*** INFORMATION PROVIDED
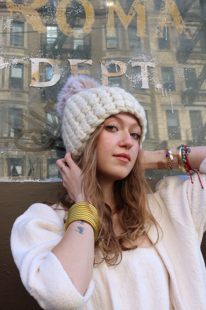 material | 100% fine merino wool, hand spun and hand crocheted at our soho studio in our signature chunky style
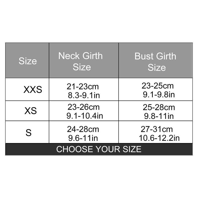 Please note: please measure your pet's chest girth (full part) and neck girth before purchasing.
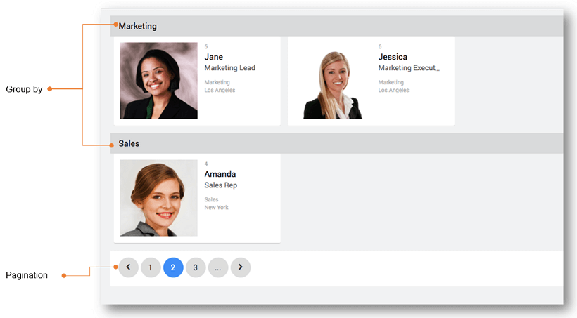 Cards data can be obtained from various data sources like database, queries or web services through variables. Cards templates have a picture and content widgets which can be bound to the fields from the data source. Few of these templates have provision to trigger events via default action buttons.
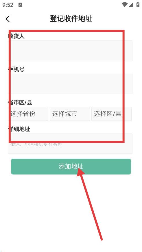 4、根據(jù)要求填寫信息,完成后點擊添加地址,即可成功添加收件地址。
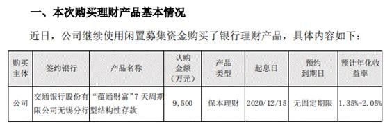 据悉,此前卓胜微已认购交通银行5000万元产品,到期日为2020年12月29日。此外,卓胜微还累计认购了江苏银行股份有限公司无锡科技支行3亿元产品。
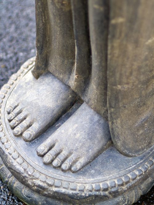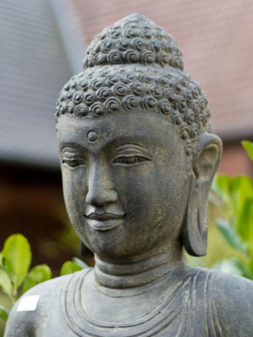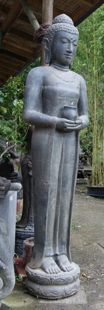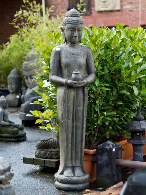 Dieser klassisch stehende Buddha wurde im Nassgußverfahren hergestellt. Durch dieses neue Gussverfahren entsteht eine sehr viel feinere Oberfläche als beim Formstein und erhält dadurch eine sehr hochwertige Optik. Der Buddha zeigt eine begrüßende Geste mit einem Krug in der Hand.
******
PROBLEM STATEMENT:
Give back every entry word for word, and drop the pictures as you go.

ANSWER TO THE PROBLEM:
 material | 100% fine merino wool, hand spun and hand crocheted at our soho studio in our signature chunky style
 Please note: please measure your pet's chest girth (full part) and neck girth before purchasing.
 Cards data can be obtained from various data sources like database, queries or web services through variables. Cards templates have a picture and content widgets which can be bound to the fields from the data source. Few of these templates have provision to trigger events via default action buttons.
 4、根據(jù)要求填寫信息,完成后點擊添加地址,即可成功添加收件地址。
 据悉,此前卓胜微已认购交通银行5000万元产品,到期日为2020年12月29日。此外,卓胜微还累计认购了江苏银行股份有限公司无锡科技支行3亿元产品。
 Dieser klassisch stehende Buddha wurde im Nassgußverfahren hergestellt. Durch dieses neue Gussverfahren entsteht eine sehr viel feinere Oberfläche als beim Formstein und erhält dadurch eine sehr hochwertige Optik. Der Buddha zeigt eine begrüßende Geste mit einem Krug in der Hand.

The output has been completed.